I'd imagine that those speakers with this sub http://www.parts-express.com/pe/sho...77&AID=1457538&PID=3662453&SID=skim725X577807 would be a nice upgrade over the under performing stuff that comes with a HTIB system. With Onkyo, they usually throw in a decent AVR and the speakers are just kind of thrown in.


----------



## chkngreez (May 11, 2010)

Bookshelf speakers would be fine, especially if I would get more quality for the same price. The in-wall was just an idea I was toying around with. I probably should have clarified earlier, but I'm not looking for a sub. I am in the process of creating my own sub monster. Just to give you an idea of what I'm playing with: 

http://www.parts-express.com/pe/showdetl.cfm?Partnumber=300-809

http://www.ikesound-car-audio.com/rec/1529-Pioneer-TS-W3004SPL

I have two of these in my car and they will practically kill you. It's just a pet project, I'm still undecided on what box design to go with. 

Those Daytons look like a good deal, but I'm not impressed with the power handling, especially since I plan to upgrade my amp. Thanks though.


----------



## eugovector (Sep 4, 2006)

For $400 for 3 speakers (L, R, C) you should check out SVS (though they won't ship until July), Behringer B2030p, Aperion 4 series, and JBL Studio L series which can be found on ebay for less $$.


----------



## Guest (May 28, 2010)

chkngreez said:


> Bookshelf speakers would be fine, especially if I would get more quality for the same price. The in-wall was just an idea I was toying around with. I probably should have clarified earlier, but I'm not looking for a sub. I am in the process of creating my own sub monster. Just to give you an idea of what I'm playing with:
> 
> http://www.parts-express.com/pe/showdetl.cfm?Partnumber=300-809
> 
> ...


Ah, I thought you were looking at everything for $400. I thought that was strange.... Anyhoo, these are the only affordable thing I can think of that could keep up with the sub you plan on using.

http://www.thenerds.net/BIC.BIC_Formula_FH6_LCR_All_Channel_Speaker.FH6LCR.html?affid=8&ci_src=14110944&ci_sku=FH6LCR^~^BIC

http://www.bicamerica.com/showpage.php?brand=2&type=6&spkrID=83


----------



## Jungle Jack (Jul 28, 2009)

Hello,
For around 400 Dollars, the $749 MSRP PSB Image T45 is tough to beat at 479. It is available from DMC-Electronics.com for that price and they are an Authorized Dealer.

I am not sure your Onkyo has the preamp outputs that are necessary for adding an outboard Amplifier.
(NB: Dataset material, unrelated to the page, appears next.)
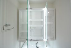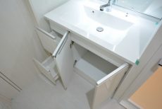収納はミラーキャビネットと洗面台の下になります。細かい物から大きな物まで上手く収まりそうですね。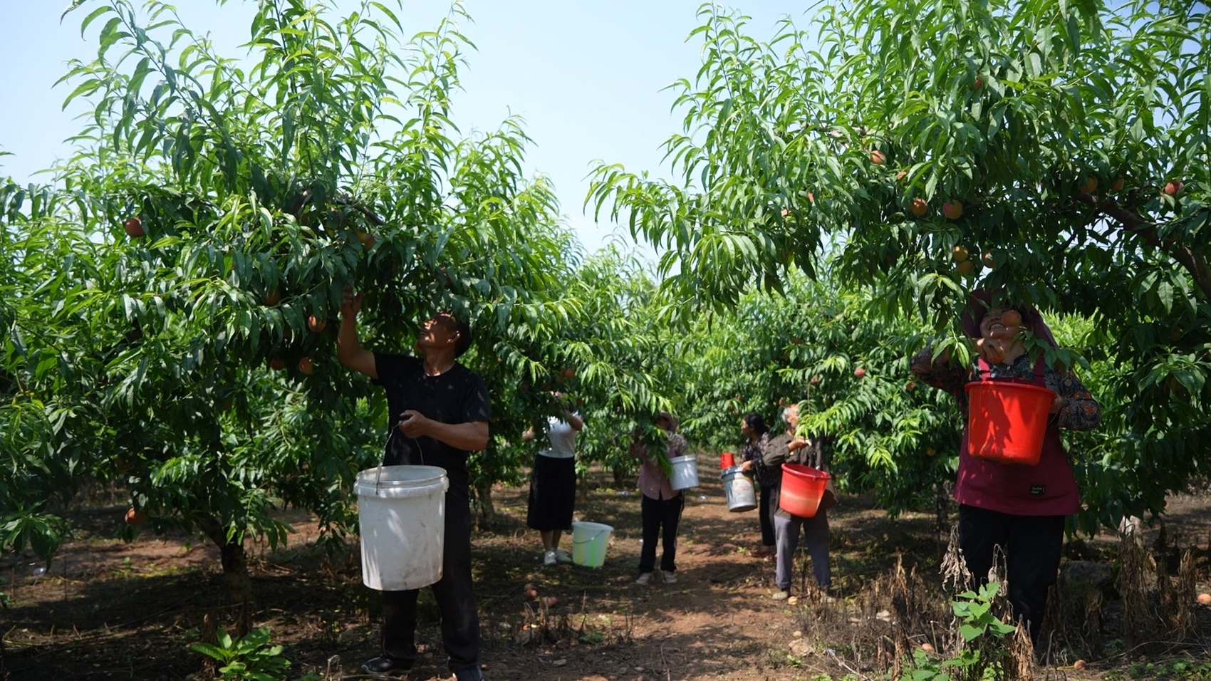 村民采摘桃子。

I am not aware of any HTIB's that have that feature.
Cheers,
JJ


----------



## eugovector (Sep 4, 2006)

But he doesn't think he has room for towers and needs 3 speakers, not 2. But good call on the Outboard Amp.


----------



## chkngreez (May 11, 2010)

When selecting a center speaker, how does the efficiency come into play when compared to my right/left? Would I want a more efficient speaker in order to project more of an image? I certainly wouldn't want it to be less efficient, right? I'm considering the Behringer Truth Monitors, but would like to go another direction with the center channel.


----------



## eugovector (Sep 4, 2006)

Ideally, you'd want an identical speaker for your center to your L and R. I wouldn't mix the Behringers, or any other L/R, with another brand for center.


----------



## lsiberian (Mar 24, 2009)

chkngreez said:


> When selecting a center speaker, how does the efficiency come into play when compared to my right/left? Would I want a more efficient speaker in order to project more of an image? I certainly wouldn't want it to be less efficient, right? I'm considering the Behringer Truth Monitors, but would like to go another direction with the center channel.


You could get Ascend Acoustics 170 they have the performance of the Behringers with better looks and a matching center.


----------



## bambino (Feb 21, 2010)

I say if you have the skills, tools and time build some speakers. You can get seprate drivers for way cheap plus it is very satisfying.


----------



## glen1980 (Jun 23, 2010)

Adam speaers are well known for their clarity and also good to use in a surround setup


----------